Düsseldorf. Das soll Bryan Adams sein? Das Schwarz-Weiß-Cover-Foto zeigt einen jugendlich wirkenden Gitarristen in glänzenden Leder-Halbschuhen, weißem Hemd und einem schicken Designer-Anzug. Nix schwarzes T-Shirt und blaue Jeans, wie ihn seine Fans kennen; wie er sich auch auf der aktuellen Promo-Tournee präsentiert. Und doch gibt das Bild ein wenig die Richtung von "11" vor, dem neuen Studio-Album des Kanadiers: kein krachendes Rock-Album, eher ein "unplugged" klingendes Stück feiner Popmusik, dessen Kraft sich erst beim zweiten Hören erschließt, dann aber so manche Perle entdecken lässt. Energiegeladene Rasanz, kraftstrotzende Zwei-Sunden-Shows: So hat Adams seit dem letzten Studio-Album "Room Service" (2004) die Hallen gefüllt. Mit den treuen Weggefährten Keith Scott (E-Gitarre) und Mickey Curry (Schlagzeug) an der Seite begeisterte er so die Fanschar hierzulande. Eine schweißtreibende Angelegenheit wie diese Konzerte ist "11" nicht.

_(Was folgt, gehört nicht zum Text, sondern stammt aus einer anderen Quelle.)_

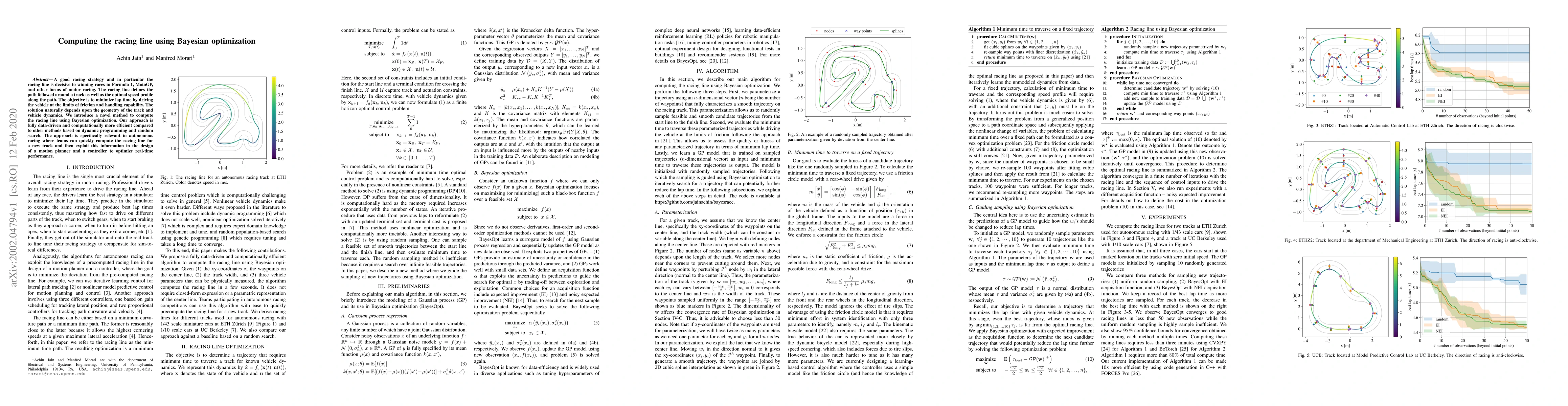A good racing strategy and in particular the racing line is decisive to winning races in Formula 1, MotoGP, and other forms of motor racing. The racing line defines the path followed around a track as well as the optimal speed profile along the path. The objective is to minimize lap time by driving the vehicle at the limits of friction and handling capability. The solution naturally depends upon the geometry of the track and vehicle dynamics. We introduce a novel method to compute the racing line using Bayesian optimization. Our approach is fully data-driven and computationally more efficient compared to other methods based on dynamic programming and random search. The approach is specifically relevant in autonomous racing where teams can quickly compute the racing line for a new track and then exploit this information in the design of a motion planner and a controller to optimize real-time performance.

Statt des elektrischen Sechssaiters dominiert die Akustik-Gitarre
Elf Songs in knapp 44 Minuten, die er noch bis kommende Woche in elf europäischen Städten live vorstellt: Da dominiert nicht der elektrische Sechssaiter, sondern die akustische Gitarre. Und eben mit der steht Adams bei den elf Konzerten auf den Bühnen - im St. Pauli-Theater Hamburg zum Beispiel, oder in der Londoner St. James Kirche zum Abschluss: Adams pur. Jeans, T-Shirt, Igel-Frisur, scherzend im Dialog mit den Anhängern. Diese Gitarre bildet den Grundsound von "11". Und so war, wie Adams im Interview erzählt, das aktuelle Werk ursprünglich als Akustik-Album angelegt. "Und erst, als schon eine Menge eingespielt und gemischt war, hatte ich das Gefühl, dass ich gar kein Akustik-Album machen wollte. Ich wollte ein Rockalbum." Das ist es geworden - allerdings ein mildes; Bryan Adams light. "11" startet knackig. "Tonight we have the stars" ist ein typischer Adams-Song: Treibende Musik, und dazu serviert er textlich einen kalifornischen Wein, chinesisches Essen und Liebe auf Leinenlaken. Liebe, Lust und Freundschaft - zwischenmenschliche Alltäglichkeiten sind seine Themen. "Einfache Texte. Jeder kennt solche Gefühle", sagt er knapp.Adams verzichtet auf gefürchtete Oberkitschschnulzen
Ein lyrischer Rockstar wird er nicht mehr sein. Das bestätigt auch die erste Single "I thought I’d seen everything" - absolut radiotauglich, ein perfekter Guten-Morgen-auf-der-Fahrt-zur-Arbeit-Song. Eine schwungvolle Up-Tempo-Nummer. Auch das knarzige "Oxygene" gehört zu den flotten Stücken des Albums, das in der Summe aber auf gediegenes Midtempo setzt, dabei auf gefürchtete Oberkitschschnulzen verzichtet - und das mit Erfolg. Das gilt zum Beispiel für "Flower Grown Wild", ein fast altmodisch anmutender Rock-Track, der die Promi-Mädels aus den Hollywood Hills aufs Korn nimmt. Faszinierender Kammermusikrock zum Finale: "Walk on by". Nur Gitarre, Geige, Viola und ein flüsternd-raspelnder Kanadier. Vielleicht das Highlight: "Somethin’ to believe in". Hier kommt Adams’ einzigartige raue Stimme voll zur Geltung. Erst ein Schrammeln auf der Akustischen, über die er sein Reibeisen legt. Im Hintergrund schmeicheln sich Streicher ein. Sein Gesang wirkt erzählend-lakonisch, in einzelnen Zeilen fast dylanesk. Dann der Refrain, echoartige Chöre: "Es reicht nicht aus, nur zu atmen; ich brauche etwas, an das ich glaube." Eine echte Adams-Hymne. "11" ist eine Wohlfühlplatte, die sich vermutlich erst auf den Konzerten in ihrer ganzen Kraft entfalten wird. Bryan Adams Produktiv 1980 erschien das Debüt-Album "Bryan Adams". Sein Durchbruch gelang ihm 1983 mit Album Nummer 3 "Cuts like a knife". Mit "Summer of 69" schuf der heute 48-Jährige einen zeitlosen Klassiker der Rock-Geschichte. "11", das ab heute erhältlich ist, ist sein elftes Studio-Album. Daneben hat er Soundtracks, Best-of-Zusammenstellungen und Live-Alben auf den Markt gebracht.Preisgekrönt Mehr als 65 Millionen Tonträger soll Adams in seiner Karriere verkauft haben. "Everything I do" ist heute noch die Single mit den meisten Wochen auf Platz Eins (16) und war Oscar-nominiert. In seinen Regalen stehen ein Grammy und ein American Music Award.